Tuesday, February 2, 2010


One of the most difficult things about doing a PhD, I think, is marshalling information. There is just so much of it. I was becoming slightly concerned about becoming lost in a sea of words and wondering why it was like wrestling a jelly, when it occurred to me that my first chapter (now nearly complete) is, even as it stands, more words than my entire undergraduate dissertation and a third of the length of my MA thesis. Then I didn't feel quite so bad about it! There is a lot of info to handle and I think it behoves one to get a grip of it in the early stages. As my supervisor said to me "It's rather difficult to organise oneself retrospectively".
One of my main problems is the uniformity of digital information. I am a big fan of notebooks and my most important vade mecum is my large Moleskine soft-back academic diary. It's a wonderful, familiar, tactile object. In here I write all my meetings, references, quotes and ideas. Listening to the radio the other day, I was intrigued to hear my views backed up completely: a woman talking of her devotion to writing stuff down long-hand echoed my sentiment that she could picture in a jotter where she'd committed stuff to writing, visualising the side of the page used, the colour of pen and even the position on the page. Me too, I thought!

And that is the problem I have with digital information: it all looks the same!

When I download a PDF and mark it up or highlight text, I have an image in my head of both the marking up and content.

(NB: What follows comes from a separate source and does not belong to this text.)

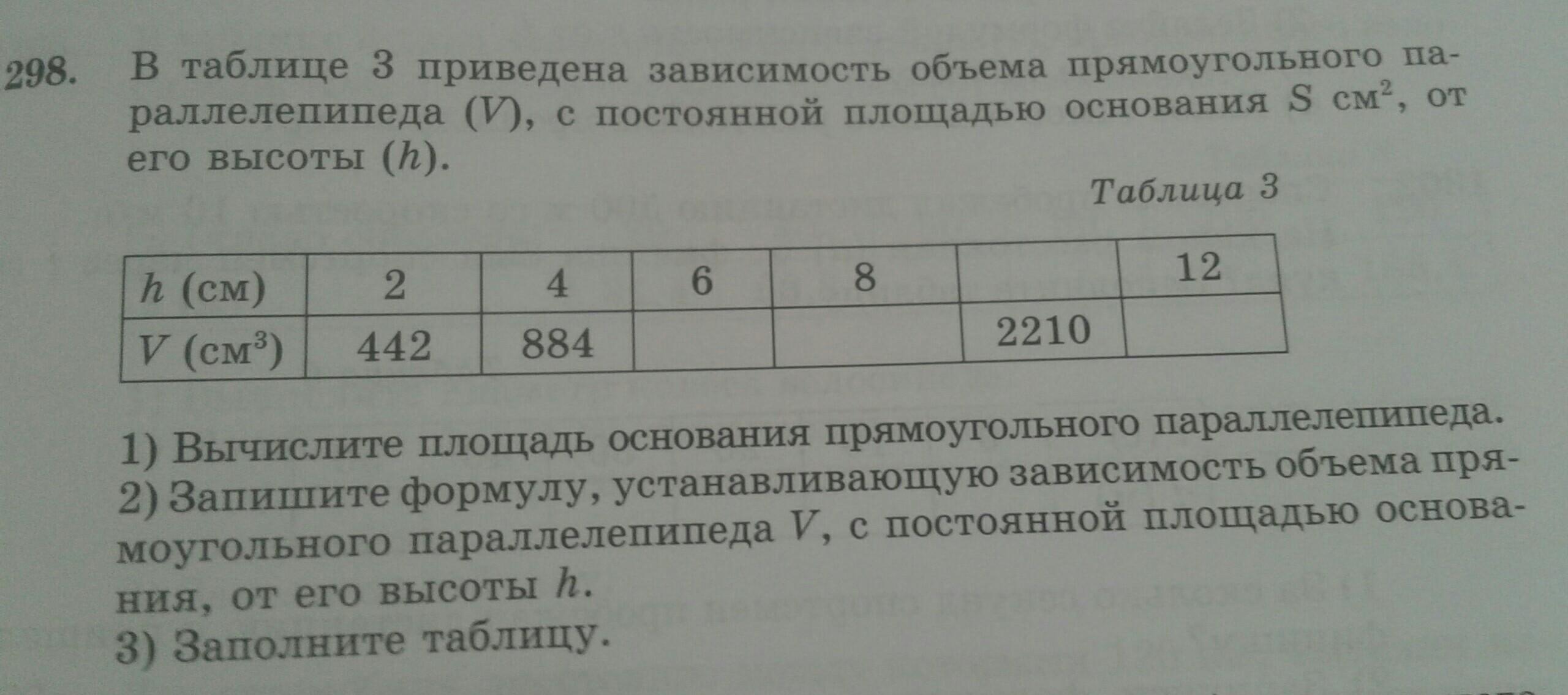 В таблице 3 приведена зависимость объема прямоугольного параллелепипеда (V, с постоянной площадью основания S см, от его высоты (h)
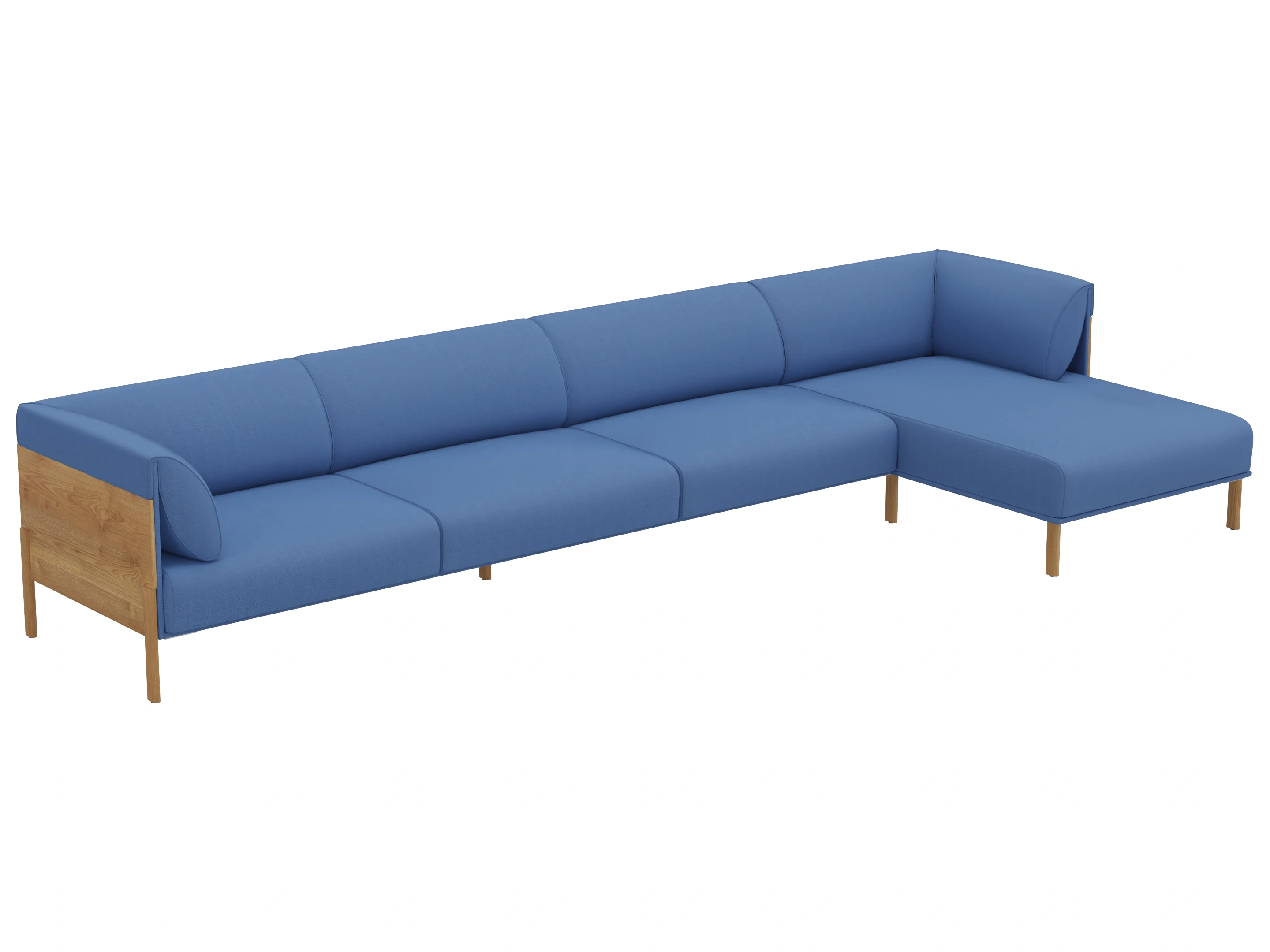 4-zits bank met zij en rugkussens. Lounge gedeelte is rechts geplaatst (vanuit zittende positie), achterzijde fineer. Afmeting: 357x150x69cm (BxDxH)

This simply doesn't happen, even when using Adobe's finest editing tools. True, the computer stuff is neater, but it is so anodyne and I haven't had any physical interaction with the text, which appears to be necessary in my case if I am to remember it.

I am also a somewhat creeped out by the fact that digital words no longer 'exist' once they're gone from the screen. Why that should worry me, I just don't know.
I had a bit of an epiphany when I read an article (in the Times, I think) about a guy who was learning Russian and had, at the behest of his tutor, started to use index cards as aides memoires for conjugations and vocabulary, and carried them about with him. I largely abandoned the idea of index cards after my undergrad years, when my work became more diverse than just language, but I am seriously thinking of reviving their use in my studies. There's something about the act of writing that opens pathways in the brain, certainly in my brain, that is not replicated by using a keyboard or mouse.
Sure, I would not even attempt writing my thesis out long-hand - thank God for cut and paste!
I love my computer for being a portal to the world, and I think my smart phone is great, but give me a pen and paper for the stuff that I really want to remember.